La Fiscalía va más allá al señalar:
“se concertaron entre sí y con otras personas conocidas y desconocidas, para cometer delitos contra la administración pública, con el fin de asegurar las mayorías parlamentarias”.
Y agrega:
“ofrecieron y acordaron ilícitamente con algunos Senadores y Representantes […] direccionar proyectos, contratos o convenios […] a cambio de su concurrencia y votación”.
Dentro de los apartes más relevantes del escrito también se indica:
“las conductas investigadas consistieron en comprar congresistas a través de la entrega de contratos cuyos recursos provenían del erario, a cambio del apoyo de los parlamentarios”.
En esa misma línea, el ente acusador sostiene que los exministros
“lideraron, promovieron, dirigieron y encabezaron la organización criminal”,
y que en ese entramado
“plantearon las líneas base del modus operandi […] consistieron en comprar congresistas”.
Alcance del presunto esquema
De acuerdo con la investigación, el mecanismo habría incluido:
“el direccionamiento de 79 proyectos, de los cuales 74 corresponderían a Invías y cinco a la UNGRD”.
La Fiscalía sostiene que estos contratos y convenios habrían sido utilizados como moneda de cambio político para asegurar respaldos legislativos a iniciativas del Gobierno nacional en el Congreso.
Situación judicial de Ricardo Bonilla
En paralelo al avance del proceso, se produjo una decisión relevante:
“el Tribunal Superior de Bogotá ordenó el 7 de abril de 2026 la libertad de Ricardo Bonilla por vencimiento de términos”.
La determinación fue adoptada al considerar que:
“al momento de instalarse la audiencia la Fiscalía aún no había presentado formalmente el escrito de acusación dentro del plazo legal”.
Durante la diligencia, se precisó que:
“la decisión no implica una absolución ni pone fin al proceso penal: Bonilla sigue vinculado a la investigación y al juicio que deberá adelantar la Corte Suprema”.
Antecedentes del proceso
Bonilla y Velasco habían sido enviados a detención preventiva en diciembre de 2025, en el marco de las investigaciones por su presunta participación en el caso UNGRD. En ese momento, la Fiscalía argumentó riesgos para el proceso, pese a que ya no ocupaban cargos públicos, debido a la posible influencia de redes políticas y administrativas.
Ambos exministros han negado las acusaciones y sus defensas han insistido en que será en el juicio donde se deberá demostrar la validez de las pruebas y la responsabilidad individual.
Próximos pasos
Con la lectura del escrito de acusación, el proceso entra en una fase determinante.

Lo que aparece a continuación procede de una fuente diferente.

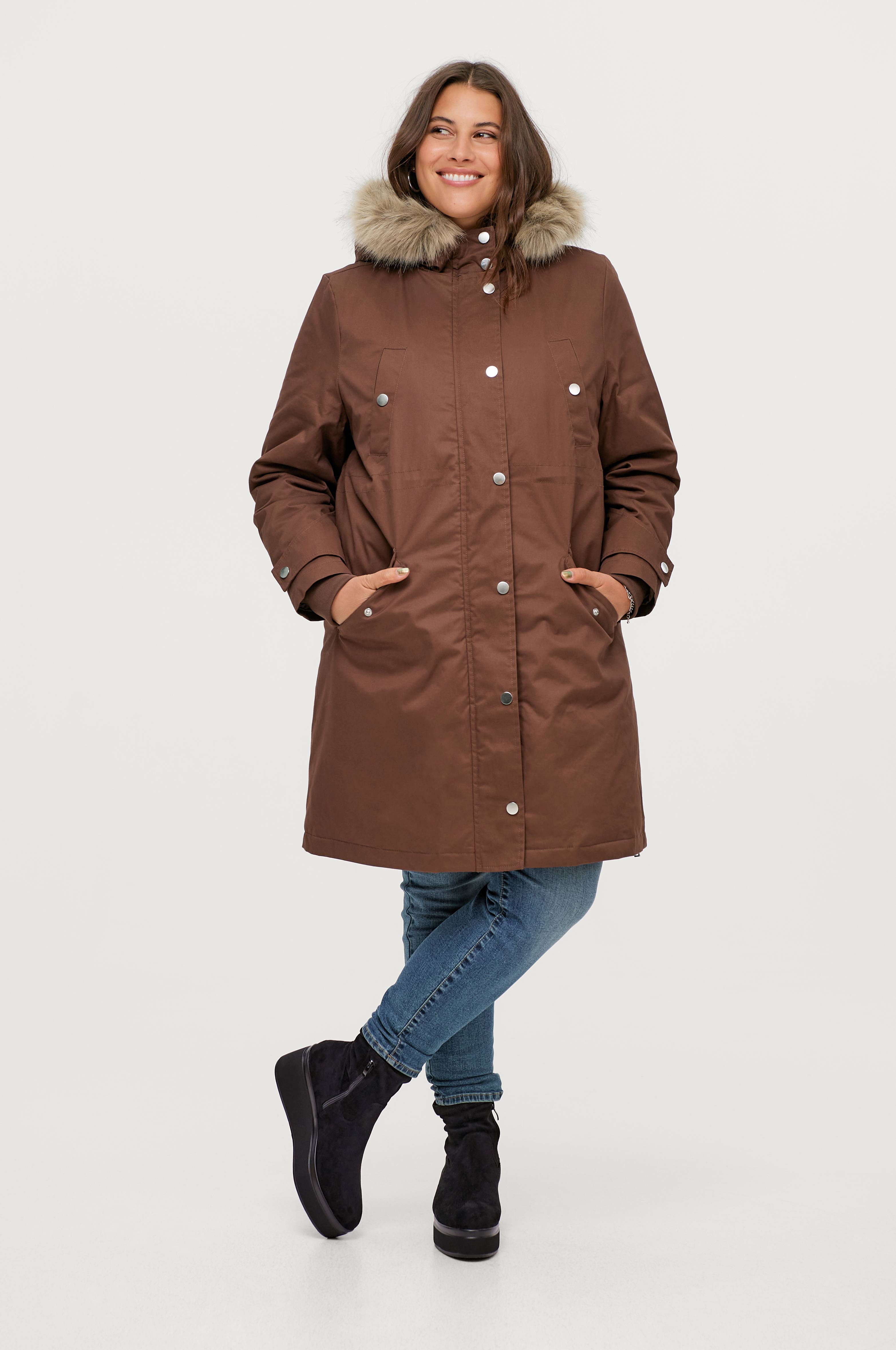 Parkacoat Cajsa i mellemlang, vatteret model. Fast, justerbar hætte med blødt plysfor. Hætten har en aftagelig kant af kunstpels. Høj krave som kan lukkes med to trykknapper. Lukkes med 2-vejs lynlås under overfald med trykknapper. I alt fire forlommer med trykknaplukning. Indvendig, justerbar løbegang i taljen og lynlåse i siderne forneden. Ribkant samt trykknap i ærmekanten. Blødt plysfor foroven og i hætten, vævet, vævet, quiltet for i øvrige dele. Længde bagpå ca. 94 cm i str. 44.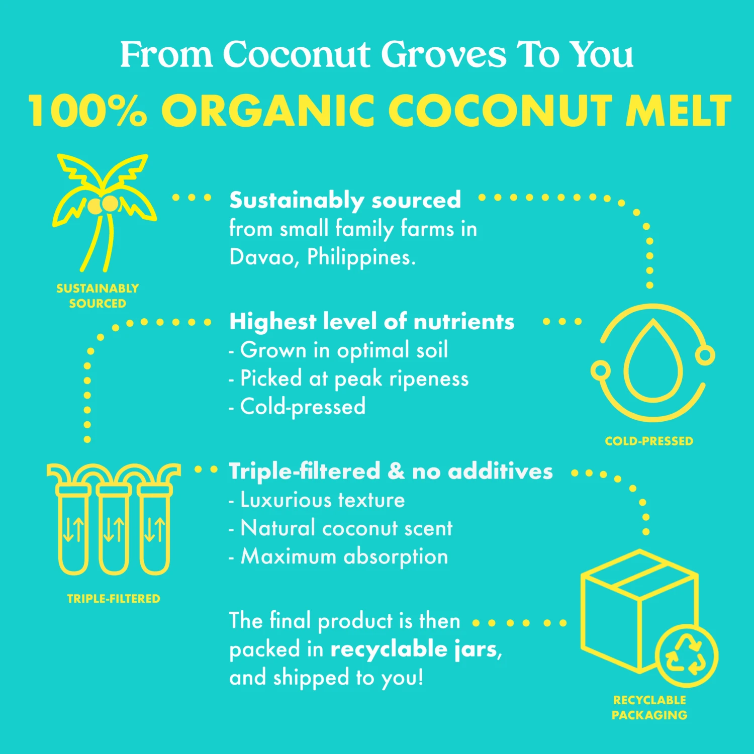Our best selling product is now a mini. Lighten up your on-the-go hydration game – we wouldn’t want you to be caught dehydrated. This is the holy grail of coconut oil. Our 100% organic and unrefined coconut oil works as a moisturizer, under-eye rescuer, makeup remover, and lip soother. This little Coconut Mini Melt MacGyver can do it all.Dermatologist-tested, Safe for sensitive skin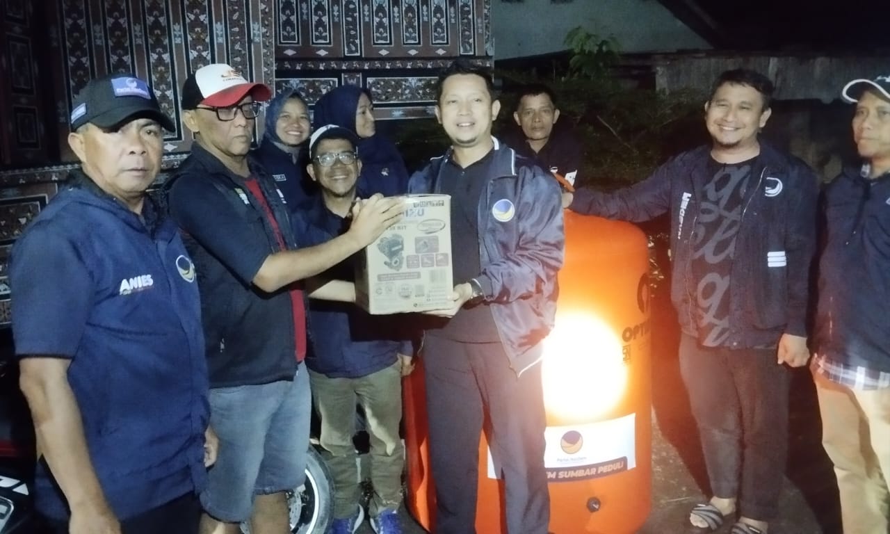 Dalam penyerahan bantuan dari DPW Partai Nasdem Sumatera Barat diserahkan oleh Pengurus DPD Partai Nasdem Sumbar yaitu Erick Hamdani, SE Dt.Ambasa, Marta Suhendra, Mery Susanti, M.Dt.Gamuak, Ike, dan Susan.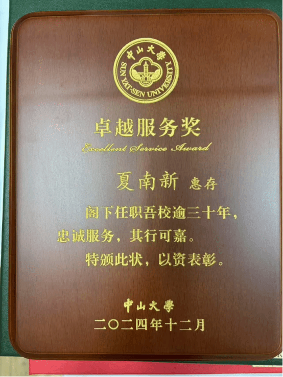 图4 2024年12月,夏南新教授获中山大学“卓越服务奖”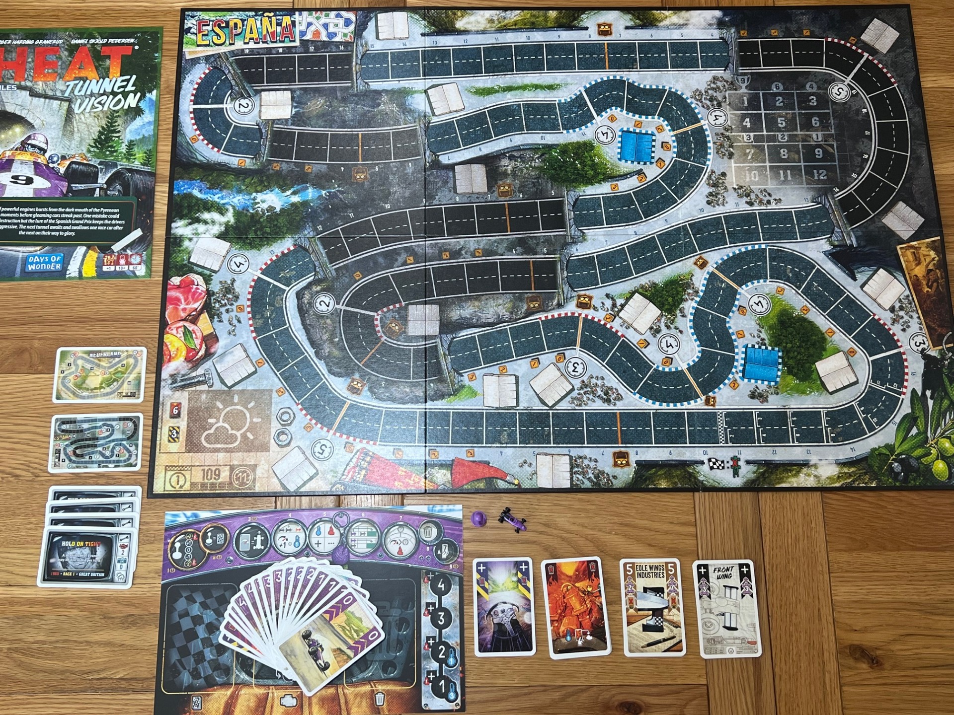The first, and perhaps most obvious addition in HEAT: Tunnel Vision is the new board. As always, this is double-sided and includes Espana and the Netherlands. Espana features a number of tunnels that prevent the player from discarding cards no matter what other effects might enable a player to do so. This simulates the intensity of racing through tight tunnels in real life races such as Monaco, but as a gameplay mechanic, it’s a very slight change.

En adelante, la Corte Suprema deberá definir el calendario del juicio, la admisión de pruebas y el desarrollo de las audiencias que permitirán establecer si existió o no responsabilidad penal.
Mientras tanto, los exfuncionarios continúan amparados por la presunción de inocencia, en un caso que sigue generando atención nacional por sus implicaciones políticas e institucionales.